Went out with a couple friends today and had a blast!
We were using a drone to "cast" the bait 150 or so yards off the beach.
Ended up catching three black drums (36", 33", 32.5")

We caught all of them on fresh peeled shrimp.


Video of drone dropping off the bait.
https://youtu.be/K1qV9C3dQSc


----------



## aquatic argobull (Mar 2, 2009)

Awesome! How did you get the drone to release the bait?


----------



## clivingston388 (Jun 25, 2016)

Just used a simple down rigger clip, so when I wanted the drone to drop the bait i just had to stop the line from spooling out and fly the drone a little farther out.

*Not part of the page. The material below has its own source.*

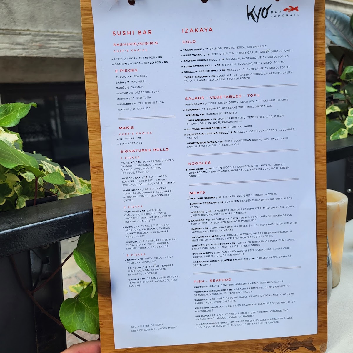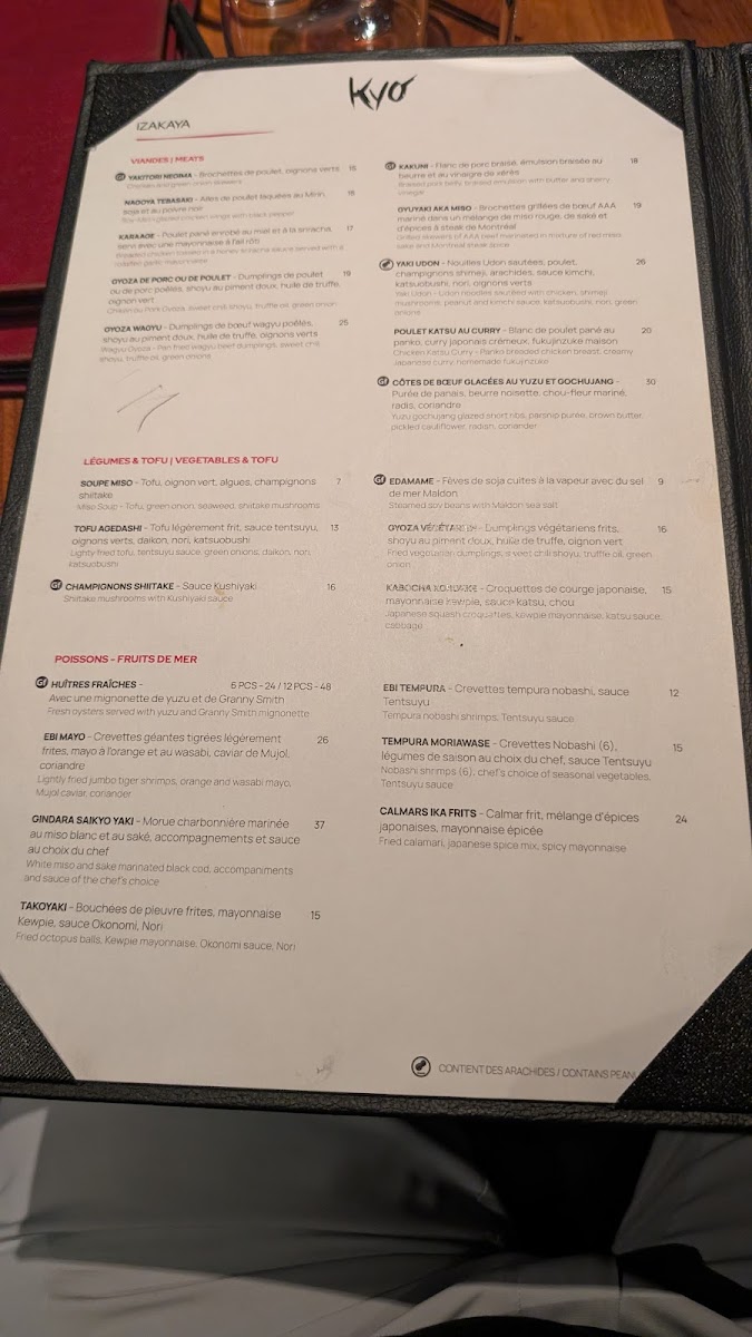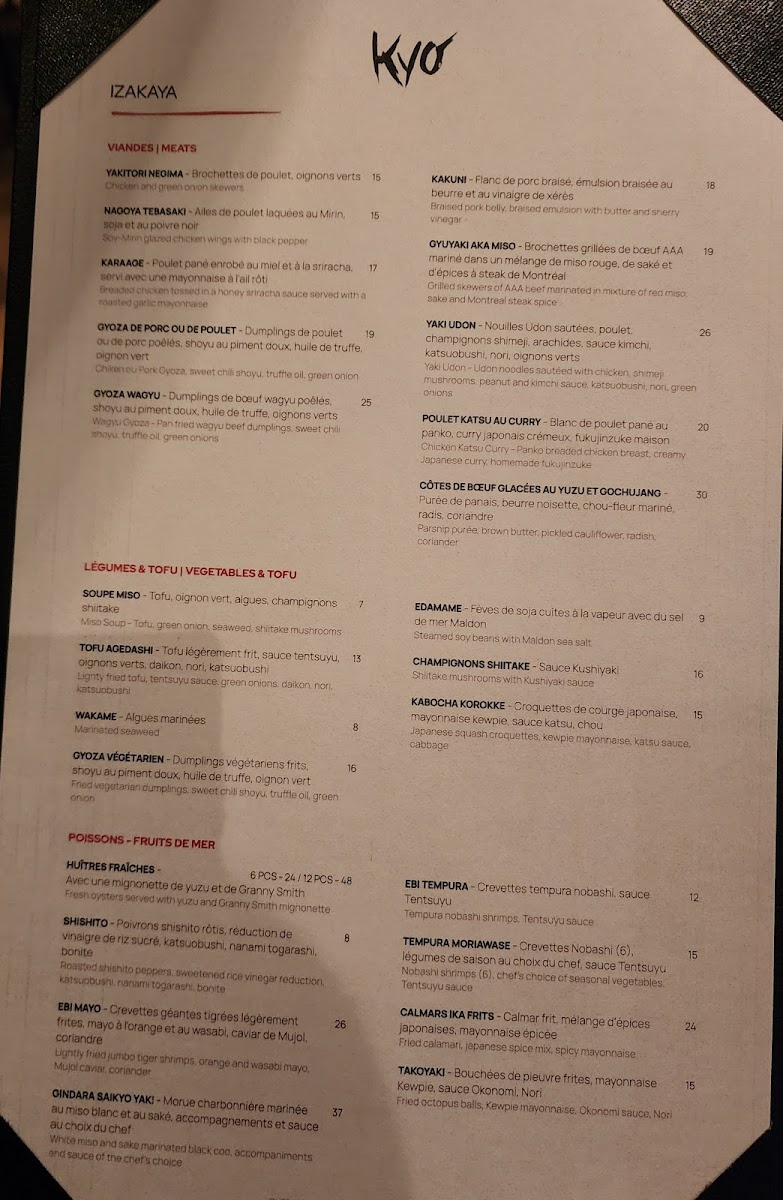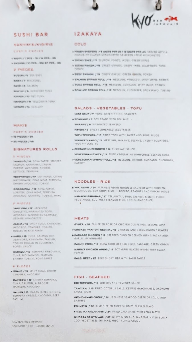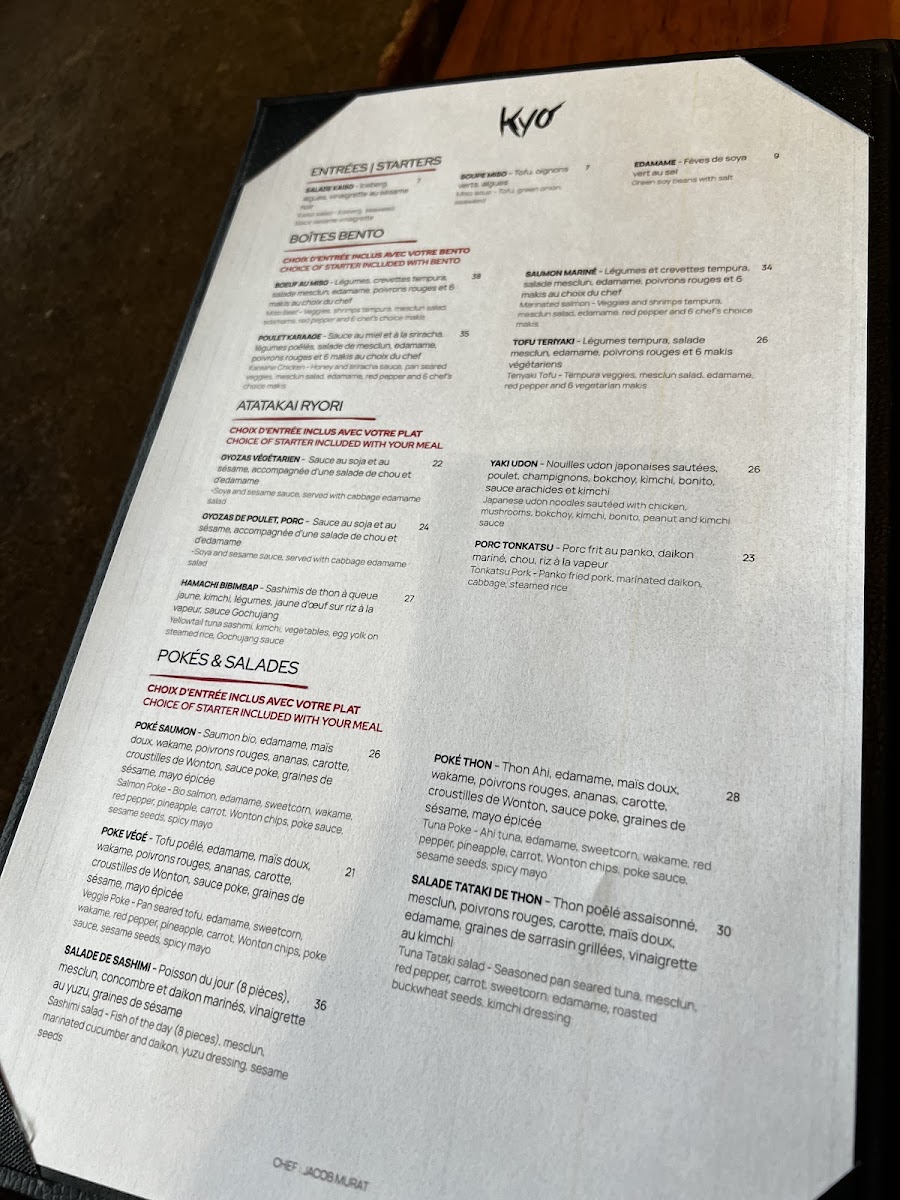 Kyo Bar Japonais Menu

I got the idea from this video


----------



## GROUPERKING (Sep 28, 2011)

Some nice string stretchers !


----------



## SouthernBell (Jan 5, 2018)

Fantastic! I have to put my boys onto this method...great job!


----------



## BananaTom (Feb 16, 2008)

Embedded Video:


----------



## BananaTom (Feb 16, 2008)

This reminds of a heated thread years ago:

How Far Can You Cast??

With many stating 100's of yards.
Like two football fields.
I think it was a Pier Rat Thread, and casting at passing Cobia Hunters was the subject.

PS: Nice catch OP!!


----------



## softbutchharley (Jan 19, 2016)

way cool...maybe try it cobia season with a cam to spot the cobia then drop on 'em ? very cool video..


----------



## Joraca (Dec 29, 2007)

BananaTom said:


> This reminds of a heated thread years ago:
> 
> How Far Can You Cast??
> 
> ...


Once the line breaks, getting 200 yards with a 5 oz weight is a piece of cake!

Great catch, btw.


----------